La relation avec la tutelle est régie par une logique contractuelle explicite ou implicite selon laquelle la tutelle fournit les moyens et l’organisme documentaire remplit en contrepartie des missions et réalise les actions qui en découlent. Pour une bibliothèque, le bon contrat avec les tutelles est celui qui présente le meilleur équilibre entre une marge de manœuvre confortable dans la prise de décision et des allocations budgétaires suffisantes.

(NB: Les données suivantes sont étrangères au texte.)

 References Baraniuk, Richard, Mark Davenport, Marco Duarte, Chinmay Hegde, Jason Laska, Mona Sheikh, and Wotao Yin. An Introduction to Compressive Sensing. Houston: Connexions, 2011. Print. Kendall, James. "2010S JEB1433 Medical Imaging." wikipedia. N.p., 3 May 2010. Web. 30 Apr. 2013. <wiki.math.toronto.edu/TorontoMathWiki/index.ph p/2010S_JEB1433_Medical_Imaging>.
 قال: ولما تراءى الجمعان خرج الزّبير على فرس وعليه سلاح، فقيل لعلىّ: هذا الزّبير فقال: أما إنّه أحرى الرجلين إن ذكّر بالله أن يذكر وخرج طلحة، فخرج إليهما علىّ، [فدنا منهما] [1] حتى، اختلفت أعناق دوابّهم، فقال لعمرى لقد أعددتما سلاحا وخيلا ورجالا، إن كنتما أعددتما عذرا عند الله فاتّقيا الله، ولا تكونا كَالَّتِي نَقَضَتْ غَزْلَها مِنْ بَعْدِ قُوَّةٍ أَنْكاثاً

En France, la plupart des bibliothèques ont une mission de service public. Les pouvoirs publics assurent de ce fait le rôle de défenseurs de l’intérêt général. Les études économiques qualitatives que l’on pourrait appliquer à la bibliothèque considérée sous cet angle s’inscriraient dans la lignée des travaux sur l’économie de la culture se réclamant à leur tour de l’économie publique : sociologie des organisations (pouvoir, centres de décisions, analyse de la bureaucratie, jeux d’acteurs, etc.), régulation publique, analyses coûts-efficacité, etc.

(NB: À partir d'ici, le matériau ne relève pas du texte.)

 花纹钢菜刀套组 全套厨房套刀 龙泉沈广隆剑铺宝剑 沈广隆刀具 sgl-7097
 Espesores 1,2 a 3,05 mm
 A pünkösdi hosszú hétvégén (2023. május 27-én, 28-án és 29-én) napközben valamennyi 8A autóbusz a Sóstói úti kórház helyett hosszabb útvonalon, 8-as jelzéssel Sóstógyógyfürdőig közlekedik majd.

Les bibliothèques françaises offrent une bonne illustration de la multitude des tutelles et leur imbrication. La politique de décentralisation, intervenue au début des années 80, a opéré un transfert de pouvoirs importants de l’administration centrale vers les collectivités locales et territoriales (Universités, Villes, etc.) Mais en même temps, l’administration centrale a gardé un droit de regard technique sur le fonctionnement des bibliothèques à travers des structures comme la Direction du Livre et de la Lecture (D.L.L.), le Centre National du Livre (C.N.L.) pour les bibliothèques publiques et l’Inspection Générale des Bibliothèques ou la Sous-direction des bibliothèques et de la documentation pour les BU relevant du ministère de l’éducation nationale, de la recherche et de la technologie ou encore le Conseil Supérieur des Bibliothèques, instance purement consultative mais dont les recommandations formulées dans son rapport annuel sont attendues chaque année avec beaucoup d’intérêt. En plus, certains organismes techniques comme l’Agence Bibliographique de l’Enseignement Supérieur (ABES) ou l’Agence Bibliographique Nationale (ABN) qui relève de la BnF jouent un rôle national au niveau de la politique bibliographique des bibliothèques et de l’harmonisation des réseaux.

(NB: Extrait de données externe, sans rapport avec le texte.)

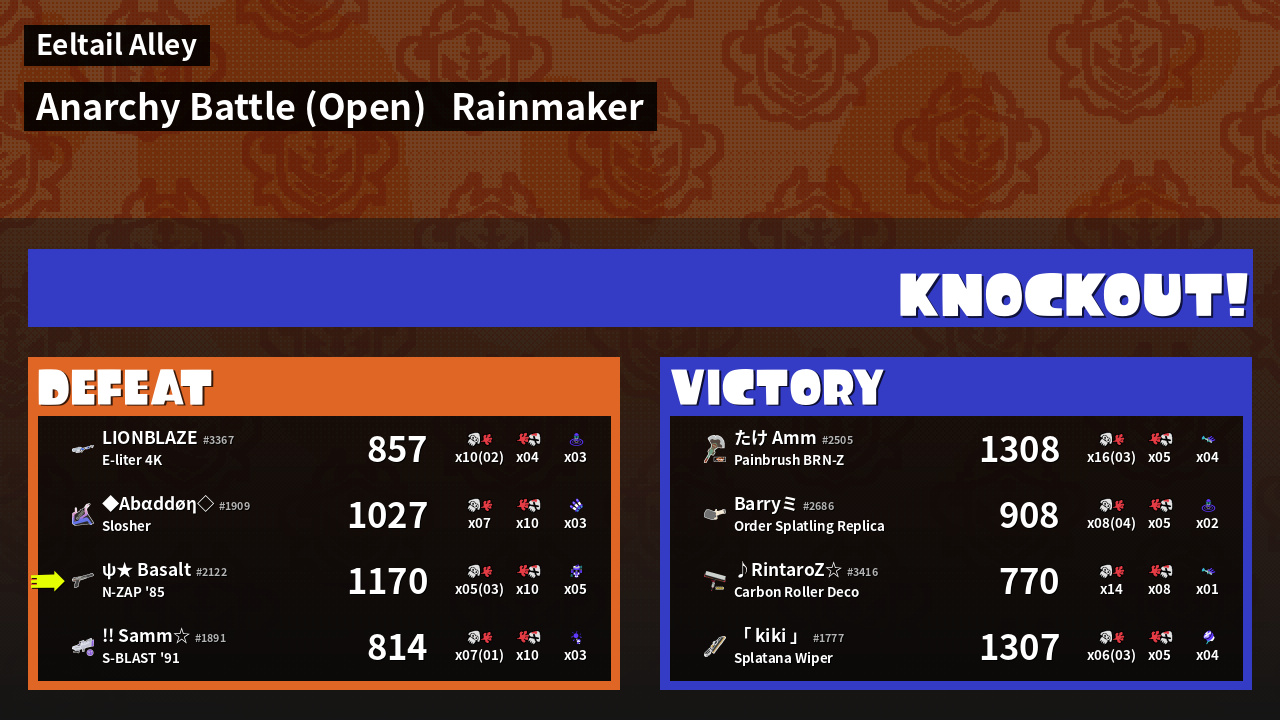 | Mode | Rainmaker - Anarchy Battle (Open) | ||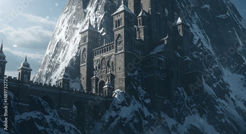 Majestic stone castle amidst snow capped mountains fantasy architecture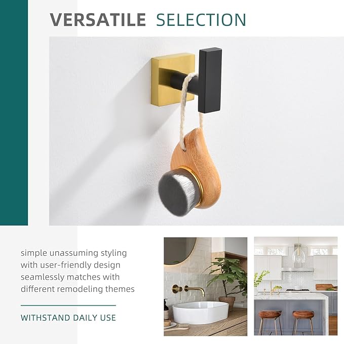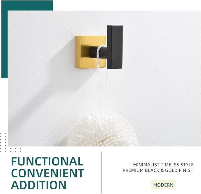 Angle Simple Towel Hook Black & Gold, Stainless Steel Bathroom Towel Holder, Robe Hook, Kitchen Towel Hanger, Wall Mount

Muet et Salaün (2001) proposent les trois critères suivants pour analyser la nature des rapports avec la tutelle :

  • “ L’efficacité des modes de communication avec la tutelle ” : ce critère implique de s’interroger sur l’existence effective de relation entre l’organisme documentaire et sa tutelle ainsi que sur les modalités d’accès à cette information par l’organisme documentaire.
  • “ La nature des échanges avec la tutelle ” : ce critère implique que l’on s’intéresse à l’importance de l’organisme documentaire aux yeux de sa tutelle (les projets de la tutelle pour l’organisme documentaire et les apports de celui-ci à la structure globale dont il relève).
  • “ L’influence de la tutelle sur le service d’information ” : c’est-à-dire les mécanismes de prise de décision et la marge de manœuvre laissée par la tutelle à l’organisme documentaire en fonction de sa sensibilité au domaine d’activité (culture, information scientifique et technique, littérature grise, documentation, veille, etc.).

L’appréciation des effets du réseau sur les rapports avec la tutelle gagnerait beaucoup à s’appuyer sur ces critères et les questions qu’ils génèrent. Il s’agira de s’interroger en quoi le réseau transforme la nature de ces rapports clairement identifiés. Il ne s’agit pas d’une comparaison mécaniste avant/après, car il faudra rester attentif à l’existence ou non d’autres facteurs exogènes au réseau et qui pourraient participer à l’évolution des rapports avec la tutelle.